| TORQUE LOSS
Torque loss
is inherent in any bolted joint. The combined effects of bolt relaxation, (approximately
10% during the first 24 hours after installation), gasket creep, vibration in the system,
thermal expansion and elastic interaction during bolt tightening contribute to torque
loss. When torque loss reaches an extreme, the internal pressure exceeds the compressive
force holding the gasket in place and a leak or blow-out occurs.
A key to reducing these effects is proper gasket
installation. By bringing the flanges together slowly and parallel when installing a
gasket and taking a minimum of four bolt tightening passes, following the correct bolt
tightening sequence, there is a payoff in reduced maintenance costs and increased safety.
Proper gasket installation technique is covered in the our
Durlon Technical Handbook.
Proper gasket thickness is also important. The thicker the
gasket, the higher the gasket creep which in turn can result in torque loss. On standard
ANSI raised face flanges a 1/16" thick gasket is normally recommended. Thinner gasket
materials can take a higher gasket load and therefore higher internal pressures.
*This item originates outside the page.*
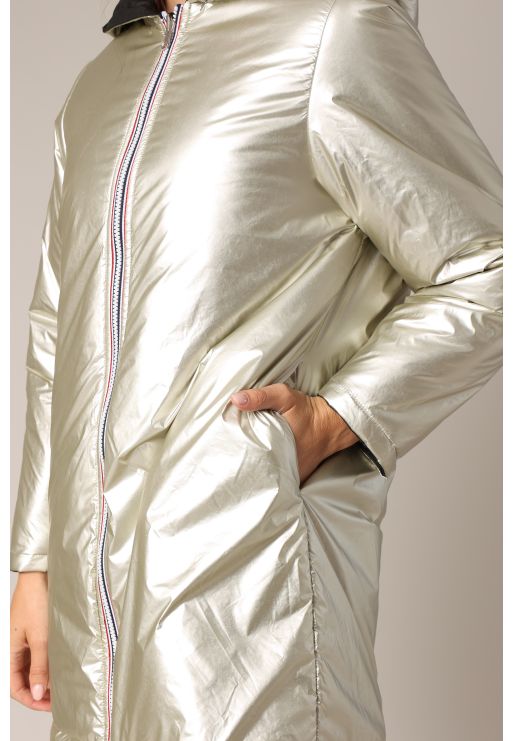 Réversible, elle alterne entre côté métallisé futuriste et face sobre chic, selon l’humeur du jour.

Even when the installation is ideal, where the bolt stress
is uniformly applied to each bolt, and the gasket is properly compressed, problems can
still arise. Inherently with time, loosening will occur due to the factors already
mentioned. If other factors such as cycling, thermal upsets, water hammer or just a piping
system with inadequate pipe supports are present, periodic retorquing might be necessary.
For problem areas, high temperature applications or where
there is temperature cycling, or where a flange cannot be retorqued, conical spring
washers have been found to be very helpful as an aid to torque retention. They act as a
spring and help lessen the effects of torque loss.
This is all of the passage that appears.